“Let me out!” I scream. “Let me out! Somebody! Please!” My screams fade out. I can only yell so much, because I can only breathe so much. The air is thick…no, thin. Is it thin? God, I don’t know. “Please!” I yell. Tears run down my face. I try to wipe them away, but I can’t. They just trickle down my cheek, past my ear to the wetness below my head that I hope is an accumulation of my tears, not an accumulation of my blood. My hands are at my sides, and this box I am in barely lets me raise my chest in and out let alone move my arms any higher than the thickness of my body. I wear it like a snug snow suit. No room to move. No room to breathe. And the air…the lack of air. “Please, please, please, please,” I repeat in a low voice to no one.

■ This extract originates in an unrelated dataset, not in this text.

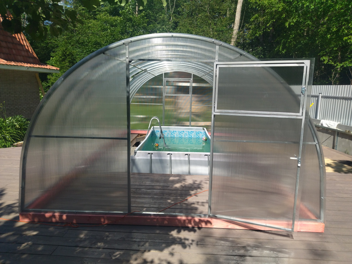 • практичная конструкция: 2 двери и 2 форточки обеспечивают легкий доступ в теплицу и ее проветривание. Размер дверей 171х89 cм, размер форточек в дверях 48х83 см

Wherever I am, I am in motion. I can’t tell which direction, but I feel a very slight sway like I may be on a boat. If I am on a boat, it must be in the lower cabin, because it’s not just dark in here, it’s black.
I touch the wood that surrounds me, hoping for a clue, praying for an opening that will set me free.
I was…I was putting groceries into the trunk of my car. It was raining, actually it was a downpour, but I had to get home to Ryan.
The air is thin, not thick.
Everyone was inside the store, waiting for the rain to stop, but I didn’t wait. The babysitter was going to leave, so I had to get home to Ryan.
Not thin…the air, it’s barely there.
“Ryan,” I whisper. The box is too tight for me to hit upward, but I can move my arms to their sides. A little. I hit the walls on each side of me as hard as I can. “Let me out!” Hitting the walls is doing nothing. There’s not enough room to gain momentum.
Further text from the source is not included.